The reason why I cannot do this manually is that I have about 15 docs where each of them contains about 10 pages of paragraphs I want to put into my database.
I cannot find any article how can i parse whole doc file so I believe it could be possible if i write proper regular expression. Can anyone redirect me to the article how I can do what I want- I can't find anything that suits me probably I am using wrong key words..
Since you say you have reasonable amount of data, 15 docs * 10 pages/doc * ~100 lines/page = 15000 lines this is manageable in a word document, and you did not say that this is a repeating data feed, i.e. this is a one-time conversion, I would do it using an editor that supported global find and replace and convert to a Comma Separated Variable format. Most DB I know can load a CSV file.

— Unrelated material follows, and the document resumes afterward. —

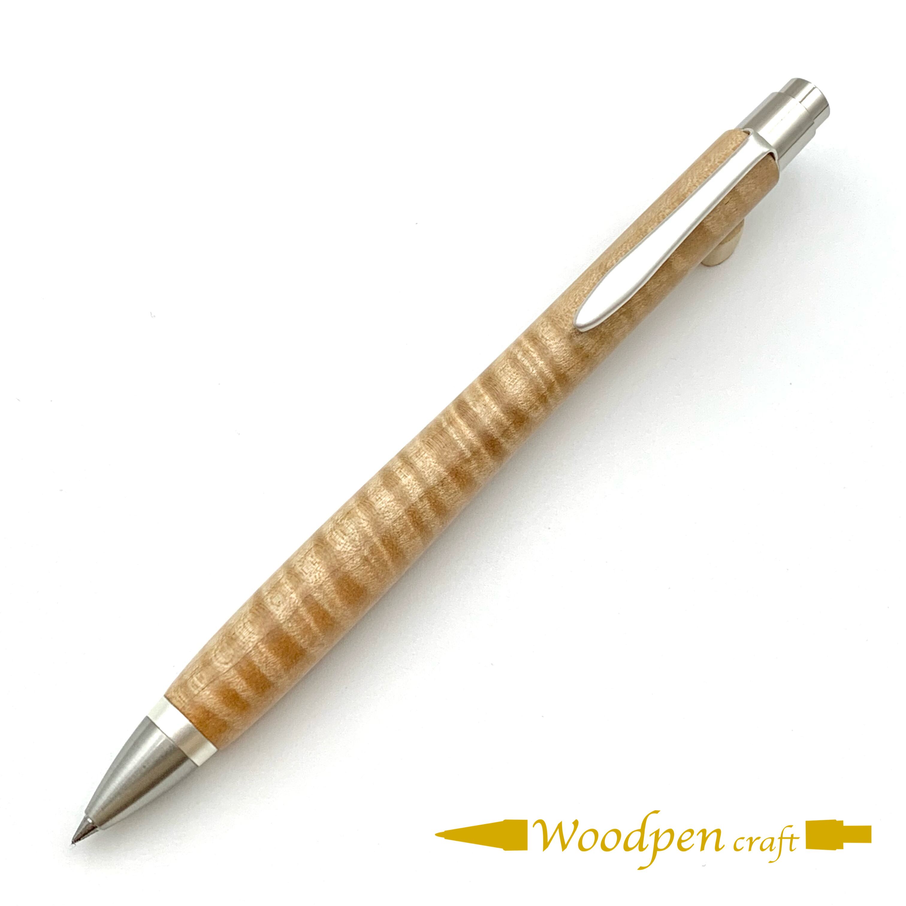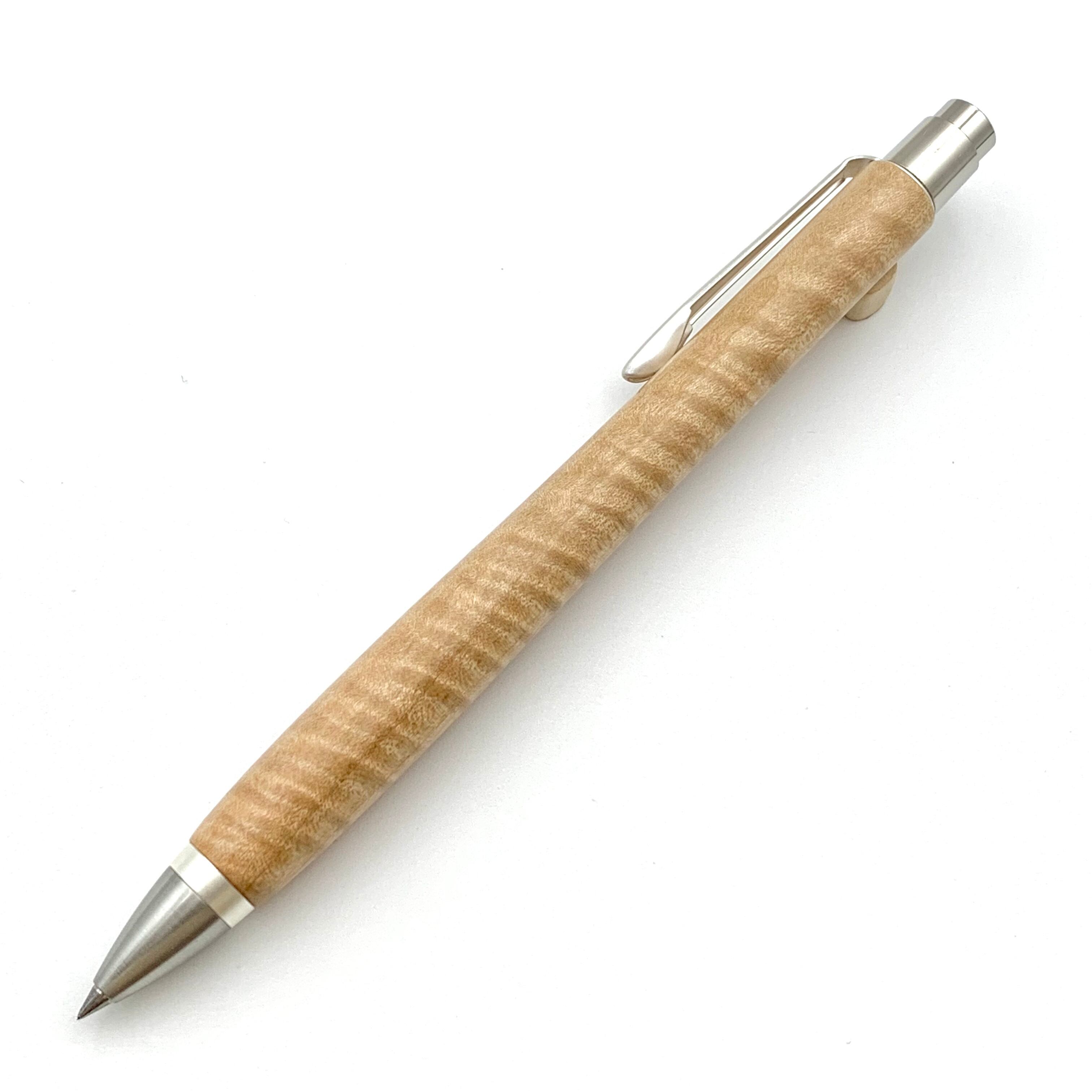 ボールペンのノックシステムは、ドイツ最高のクリックメカニズムを採用してあります。このメカニズムはユニークな機構のため、クリックしたときのカチカチ音が静かで、どんな場所でも気兼ねなく使うことができます。滑らかに動くこのプッシュ感覚を一度味わうと他には戻れなくなってしまうほどの魅力があります。 100分の1単位の加工精度で削り出されたペン先は、軸ブレも全くありません。

I know you asked for C# app, but that is overkill for time and effort based on your problem
So
Convert '<start of line>'
to '<start of line>"'
for MS Word with Find and replace
find: ^p
replace: ^&"
Convert ' - '
to '","'
for MS Word with Find and replace
find: ' - ' Note: don't add tick marks.
replace: ","
Convert '<end of line>'
to '"<end of line>'
for MS Word with Find and replace
find: ^p
replace: "^&
Manually fix up start of first line and end of last line.
you should get
"par-000.01","some content"
"par-000.21","some content"
Now just load that into a DB using its CSV load.
Also if you insist on doing this with C#, then realize that you can probably save the text as a *.txt file without all of the Word tags and it will be much easier to take apart with a C# app. Don't get fixated on the Word tags, just side step the problem with creative thinking.